The Tiliam Blog

Musing on technologies for video and cinematography

Choosing Video Formats

The first digital video standard, ITU-R BT.601, was published in 1982. After more than three decades of working with digital video formats people are still asking the question which format to use and when you should use it. Everyone wants video that can play anywhere, is high quality and has small file size.

A video format is defined by the spatiotemporal characteristics of the video,

  • Spatial resolution
    • Pixels: width and height; aperture (scaling such as anamorphic; cropping); pixel aspect; sampling
    • Gamut and precision: color space (RGB, YCbCr, alpha), subsampling and transform coefficients; depth (number of bits used to represent each color component)
  • Temporal resolution
    • Frame rate in fps (frames per second); some cameras, especially phones, capture varying frame rates depending on light levels
    • Interlaced or progressive

ITU-R Recommendations BT.601 (SDTV), BT.709 (HDTV) and BT.2020 (UHDTV) specify parameters for digital TV systems for production and programme exchange. SMPTE specifies ST 274-2008 (HDTV) and ST 2036-1:2009 (UHDTV). They define the spatiotemporal characteristics listed above.

Alpha is not a display format parameter, it is for compositing, but a lot of video is composited. Also, YCbCr is actually for efficient storage, almost all video cameras capture some form of RGB but store as YCbCr. So it makes sense to define alpha and YCbCr in a format.

A lot of people would say a video format is the codec. There are three properties that are usually muddled together when people talk about formats,

  1. Spatiotemporal characteristics as listed above
  2. Codec
  3. Container

The codec defines the compression method and the container defines how the data is laid out on disk or in the video stream. The container is important for synchronizing the timing between images and audio and controlling things like what happens if an image isn’t decoded properly during reception.

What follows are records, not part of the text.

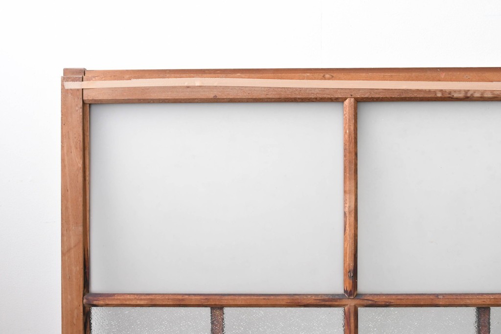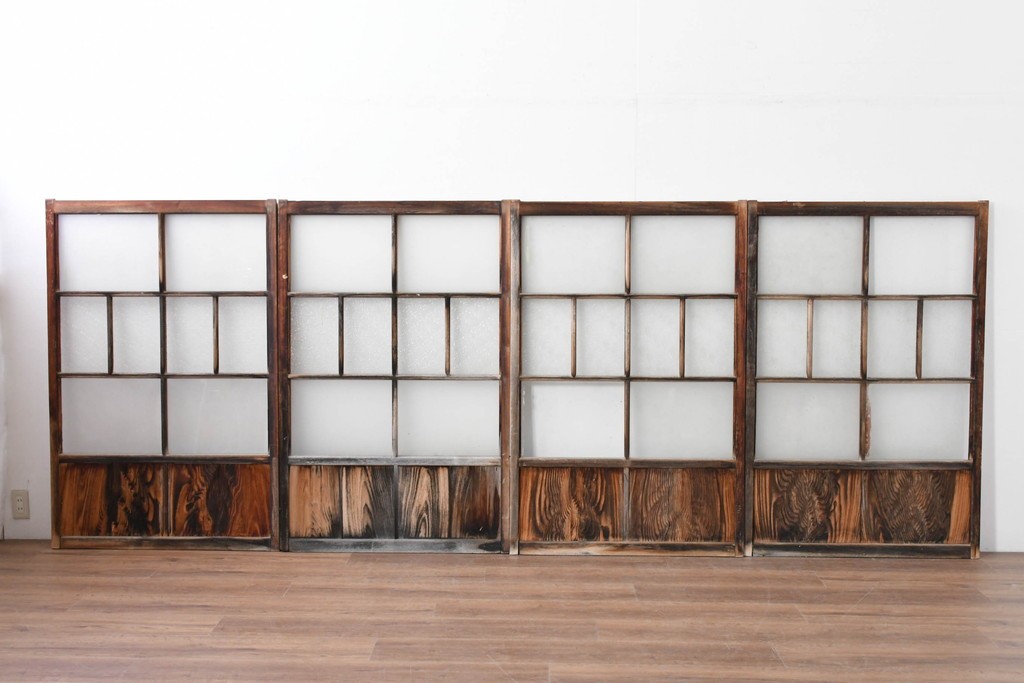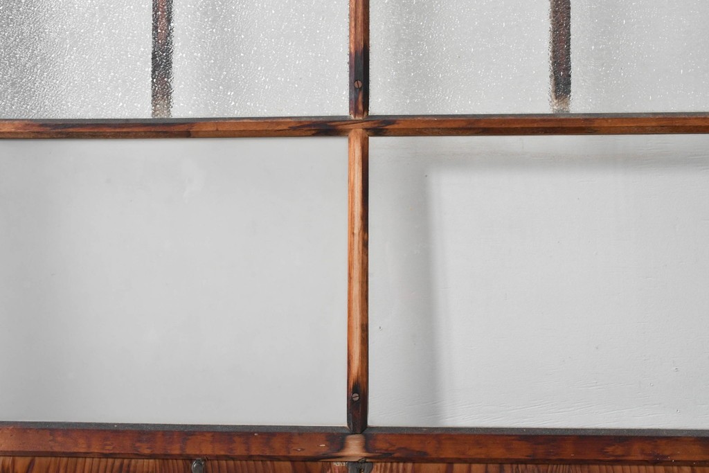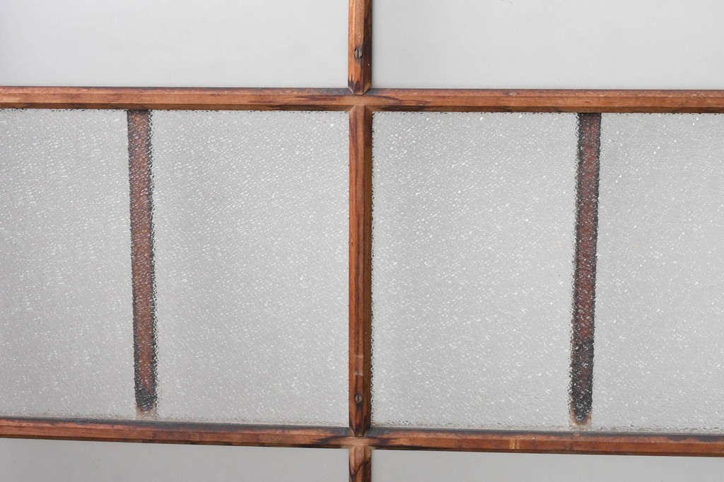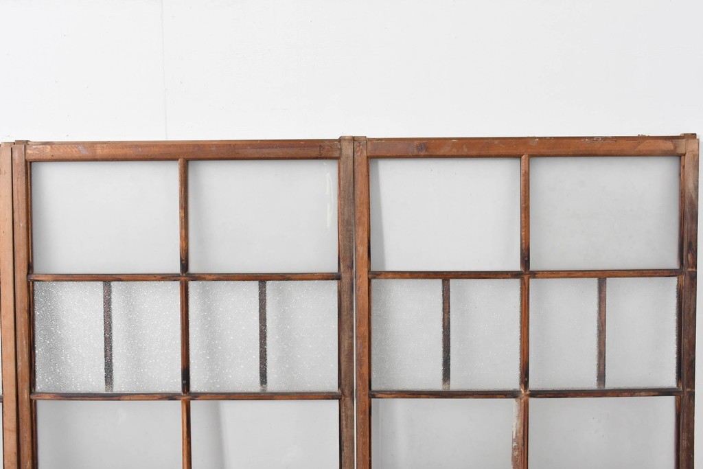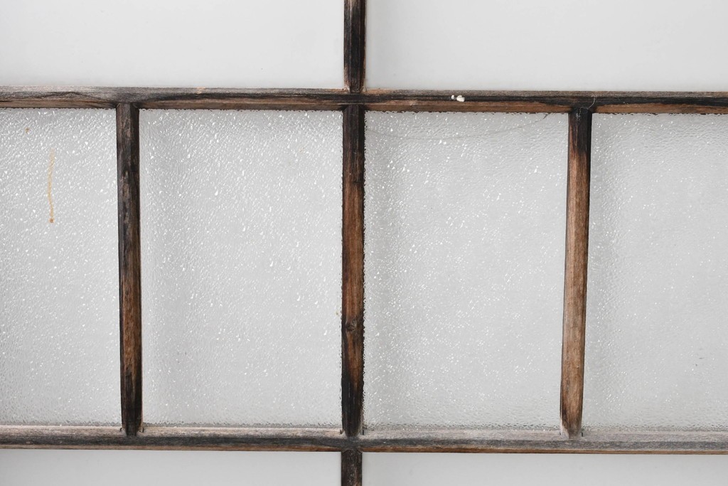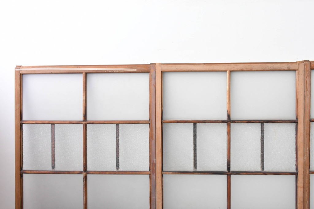 昭和初期につくられたガラス窓4枚セットです。上下と中央で表情の異なる格子を組み合わせたつくりは、当時の和住宅に見られる落ち着いた佇まいをしっかりと感じさせます。直線的な意匠の中に、手仕事ならではの柔らかい風合いが残り、和室・古民家の雰囲気づくりに馴染みます。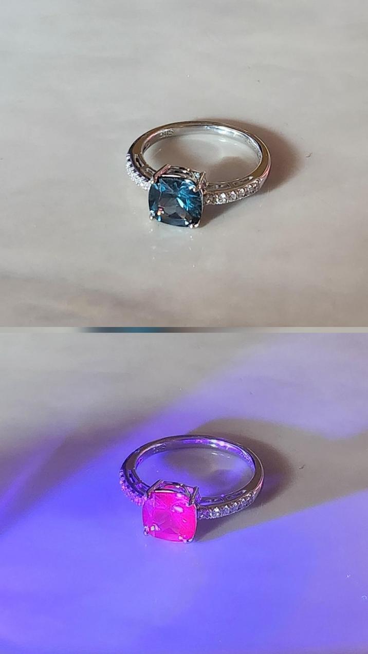 Blue stone turns red under UV light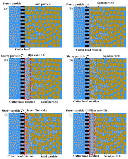 Stage Ⅳ: The cutter head rotated, and the newly formed filter cake structure was destroyed. Meanwhile, as the cutter head cut the sand particles, the structure of the sand was further destroyed, and the slurry particles in the stratum surface were mixed with sand particles, as shown in Figure 16D.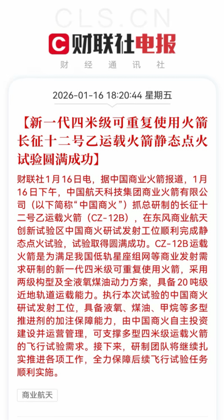 重磅利好!国产可复用的火箭长征十二号乙点火实验成功商业航天2026年最大看点就是
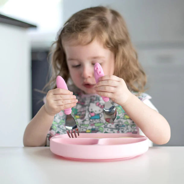 Now featuring the cuteness of Hello Kitty! Little ones can dig into mealtime with our Fork and Spoon Set. Stainless steel fork and spoon heads are sized and shaped for toddlers. The concave heads help keep food on the fork or spoon, helping promote self-feeding with solid foods. The outer fork tines are bent to help spear foods and keep food on the fork. Handles are textured silicone so they’re easy-to-grip. Safe to use – made from 100% food-safe silicone.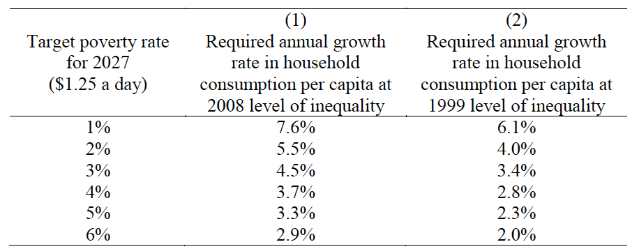 Som tabellen visar skulle en tillväxttakt på 4,5 procent (vilket är i linje med dagens förväntningar) med dagens fördelning göra att endast 3 procent (jämfört med dagens cirka 20 procent) lever i absolut fattigdom år 2030. Om fördelningen ändras till 1999 års nivå skulle en tillväxttakt på 3,4 procent uppnå motsvarande mål. Jämför man olika scenarion kan man notera att även en ganska medioker utveckling resulterar i att andelen absolut fattiga sjunker ganska mycket. I det som kallas ett pessimistiskt scenario i figuren nedan är utvecklingen sådan att cirka en miljard människor lever i absolut fattigdom. Detta är i absoluta tal ungefär lika många som idag och i den bemärkelsen skulle lika många personer leva i absolut fattigdom 2030 som idag. Men som andel av hela befolkningen skulle de vara nere runt 12 procent, alltså nästan en halvering av dagens nivå. Det kan vara lite viktigt det där med hur mål formuleras…

Codecs can store video data using a totally different color space internally, do not specify resolution, frame rate or interlacing; some codecs only work for specific parameters. You can choose almost any codec and container and as long as the compression is good quality, the video will look the same.

Suppose you ask someone to record a clip of “someone playing tennis”, they ask you what format and you answer “MPEG-4”. So they give you high bit rate QCIF at 48 fps: high quality and small file size. Or maybe they give you 1080P at 15 fps, low bit rate. In both cases the video is compressed with MPEG-4 but probably it’s not what you wanted.

Suppose you have some nice video coded with an intermediate codec like ProRes. You transcode it to H.264 to send it to a friend. It’s still the same resolution, the quality remains high; perceptually it is the same video. Or maybe it’s ProRes in a QuickTime container but you convert it to an MXF container; the source video remains identical.

Codec and container are important details for storage and transmission but only the spatiotemporal parameters define the format because you can change codec and container without changing video quality.

What format should you use?

Depending on whether you are working in SD, HD or UHD the answer to this question should always start with the reference specification, such as ITU-R BT.XXXX or SMPTE ST XXXX and then specific parameters about spatiotemporal characteristics; e.g.

1920×1080, 30 fps progressive, 8 bits per component, YCbCr 4:2:2, progressive.

Which parameter settings should you use?

  • Progressive
  • Same or higher resolution than the deliverable
  • 4:4:4, highest available component precision
  • The best quality that you can capture with your camera

Unless you absolutely have no choice, there is no good reason to capture interlaced video. Online video should not be interlaced and if you really must output interlaced you can convert progressive to interlaced.

Downscaled video is much better quality than upscaled so always choose a higher resolution if possible. However, there is probably little benefit in choosing 2K over HD.

Which codec should you use?

  • The best quality that you can capture with your camera
  • Transcode to an intermediate codec with more color precision for editing, such as ProRes
  • Transcode to the final deliverable at the final step of the editing process — this is very likely inter coded

You should use an intermediate codec for two reasons; (1) if the original is inter coded (e.g. MPEG or H.26x) or if the resolution is very high the resources load will be higher for your editing computer, (2) increasing the mathematical precision will introduce less noise during editing.

This is the choice that has the most effect on the final file size, assuming that resolution has already been chosen. You can now decide the acceptable trade off between file size and final quality.

Note: Intra coded means a frame is coded with no reliance on other frames. Inter coded means frames are predicted from previous and/or future key frames; this gives very high compression but takes more effort to compress/decompress. MPEG and H.26x standards use a mix of intra and inter coded frames.

What container should you use?

  • It really depends on who will be using the content and what for
  • One that is suitable to encode the metadata you need to attach to the video

As mentioned earlier, container does not affect quality and has little effect on file size, so this choice is down to preference and convenience.